The exercise calls for exact output of the lines between the one that contains "This Sweaty Betty" and the end of the data, with both ends kept and pictures left out.

THE RECORDS:
————————

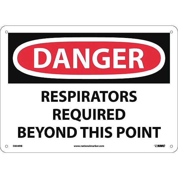 Nmc Danger Respirators Required Beyond Sign, 10 in Height, Plastic, Rectangle, English D604RB
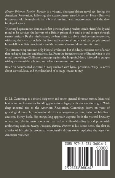 Henry: Prisoner, Patriot, Pioneer is a visceral, character-driven novel set during the American Revolution, following the extraordinary true-life arc of Henry Bush-a fifteen-year-old Pennsylvania farm boy thrust into war, imprisonment, and the slow forging of legacy. The story begins in raw, immediate first person, placing readers inside Henry's body and mind as he survives the horrors of a British prison ship and a brutal escape through enemy territory. By the third chapter, the lens shifts to a close third-person perspective, widening the view to include the lives and emotional burdens of the people around him-fellow militia men, family, and the woman who would become his future. This structure captures not only Henry's evolution, but the deep, resonant cost of a war that reshaped families and futures alike. From the frozen trenches of Brandywine to the moral unraveling of Sullivan's campaign against the Iroquois, Henry is forced to grapple with questions of duty, honor, and what it means to come home. Based on documented ancestral history and told with lyrical precision, Henry is a novel about survival, love, and the silent kind of courage it takes to stay.
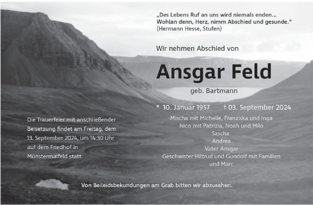 Hier finden Sie alle Traueranzeigen aus der Zeitung, die bisher für Ansgar Feld erschienen sind. Weitere Traueranzeigen, die in der Zeitung erscheinen, werden hier ebenfalls aufgelistet
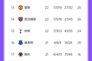 體育資訊01月20日訊 英超第22輪,埃弗頓3-2熱刺,曼聯(lián)1-3布萊頓,諾丁漢森林3-2南安普頓。目前積分榜上,諾丁漢森林44分積分追平阿森納,曼聯(lián)仍居第13,熱刺第15。
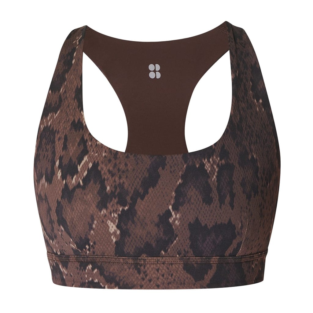 This Sweaty Betty top is perfect for yoga and activewear enthusiasts. Featuring a sleeveless design with a scoop neck, it offers a snug fit and a cropped length. The snake pattern adds a unique touch, while the logo embellishment provides a subtle brand detail. Ideal for sporting activities, this top combines style and functionality. -
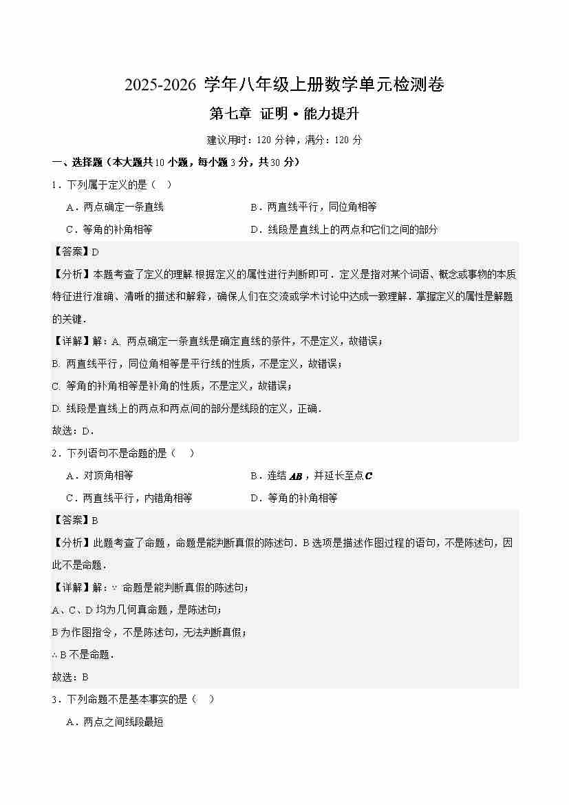 首页 > 全部 > 单元提升卷 > 八上数学第七章 证明测试·提升卷(解析版)
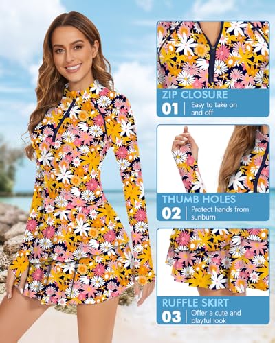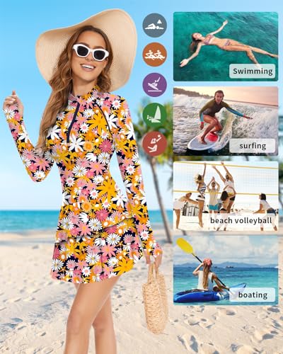 • [HIGH QUALITY STRETCHY SWIM SHIRTS] : Women raglan sleeves swim dress is soft, quick-dry, breathable, durable and lightweight, provides enough elasticity that makes you feel free and no pressure. This floral rashguard swimsuit for women designed with a zipper for easy on and off.

————————

REPLY:
 This Sweaty Betty top is perfect for yoga and activewear enthusiasts. Featuring a sleeveless design with a scoop neck, it offers a snug fit and a cropped length. The snake pattern adds a unique touch, while the logo embellishment provides a subtle brand detail. Ideal for sporting activities, this top combines style and functionality. -
 首页 > 全部 > 单元提升卷 > 八上数学第七章 证明测试·提升卷(解析版)
 • [HIGH QUALITY STRETCHY SWIM SHIRTS] : Women raglan sleeves swim dress is soft, quick-dry, breathable, durable and lightweight, provides enough elasticity that makes you feel free and no pressure. This floral rashguard swimsuit for women designed with a zipper for easy on and off.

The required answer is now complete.